= Expletive infixation =

Process in word formation

Expletive infixation is a process by which an expletive or profanity is inserted into a word, usually for intensification. It is similar to tmesis, but not all instances are covered by the usual definition of tmesis because the words are not necessarily compounds.

The most commonly inserted English expletives are adjectival: either participles (fucking, mother-fucking, freaking, blooming, bleeding, damned, wretched) or adjectives (bloody).

== Rules of formation in English ==
Judgments of which formations of expletive infixation are acceptable are remarkably consistent. This suggests that the rules for the placement of the expletive are not arbitrary, but instead derive from fundamental aspects of English phonology.

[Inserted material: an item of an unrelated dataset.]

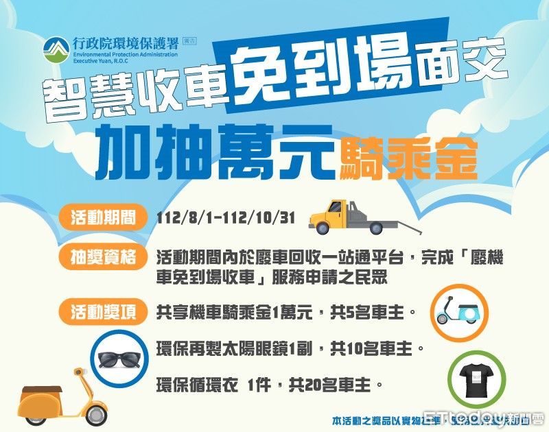為提升廢車回收的便利性,環保署從今年8月1日起試辦「廢機車智慧定位,車主免到場收車」服務,民眾只要利用「廢車回收一站通」平台,簡單操作3個步驟,即可完成申請服務,即日起至10月31日前申請使用,還有機會抽中萬元騎乘金。

A simple rule is that the insertion occurs at a syllable boundary, usually just before the primary stressed syllable. Thus, one hears abso-fuckin'-lutely rather than *ab-fuckin'-solutely. This rule is insufficient to describe examples such as un-fuckin'-believable, however, so that some modifications to this rule are proposed, such as morpheme boundaries taking precedence over stress. Counterexamples to this exception do exist: unbe-fuckin'-lievable.

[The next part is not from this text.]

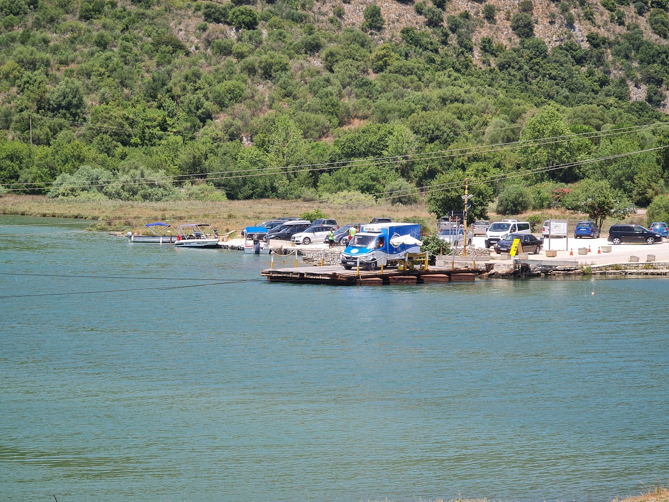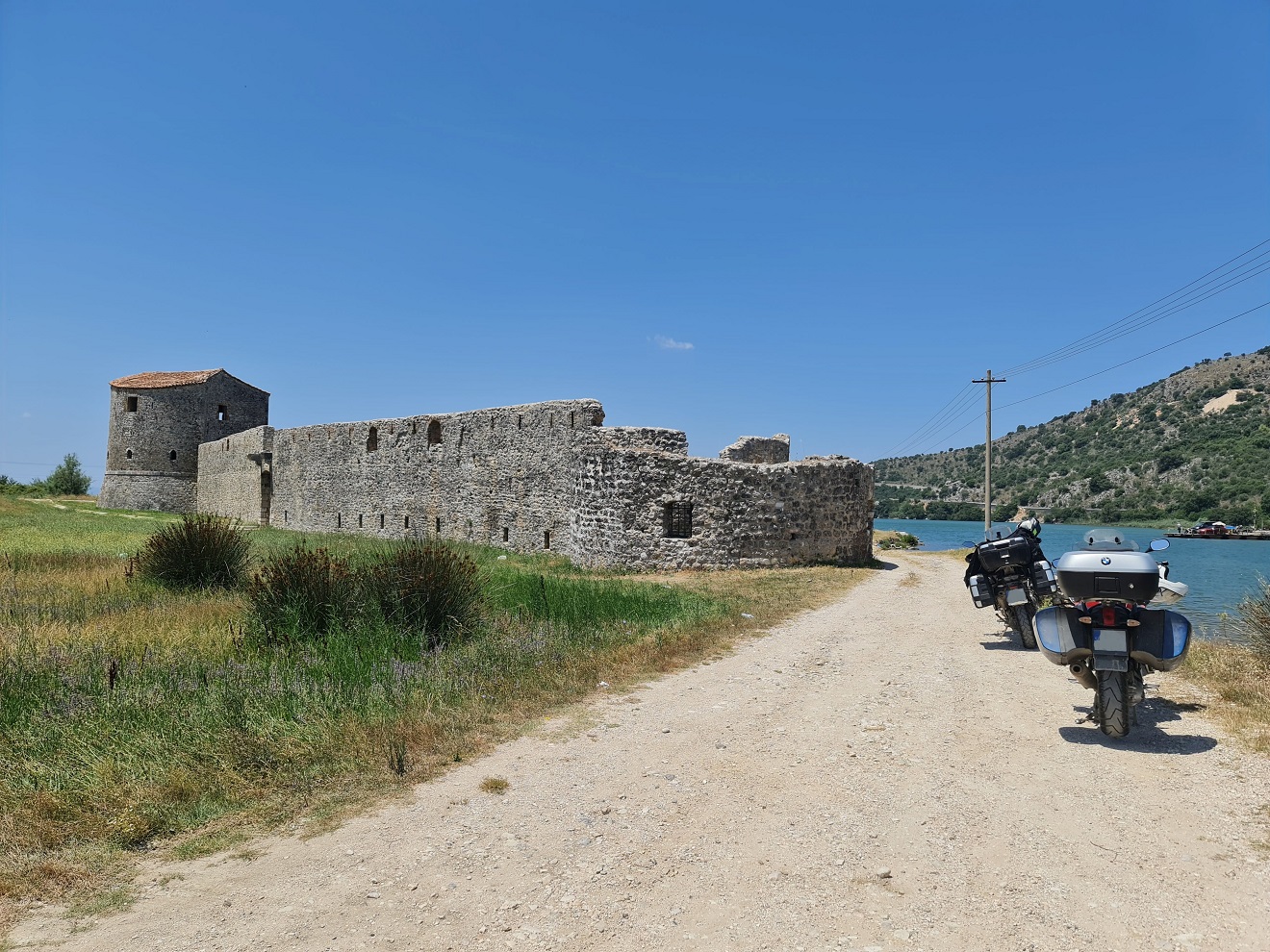 U oběda zvažujeme využití trajektu po přehradní nádrží z Firzë do Komanu, ale ... už jsem jím pluli, cena za motorku + osobu odpovídá plné nádrži benzínu a časová úspora padne na čekání v přístavu.

A more fundamental theory due to John McCarthy is based on prosody. Its basic principle is that "the metrical stress tree of the host is minimally restructured to accommodate the stress tree of the infix". For example, although unbelievable and irresponsible have identical stress patterns and the first syllable of each is a separate morpheme, the preferred insertion points are different: un-fuckin'-believable, but irre-fuckin'-sponsible. McCarthy explains this by saying they have different prosodic structures: un(be((lieva)ble)) but (irre)((sponsi)ble). The infix cannot fall between the syllables ir and re because they form a single prosodic foot.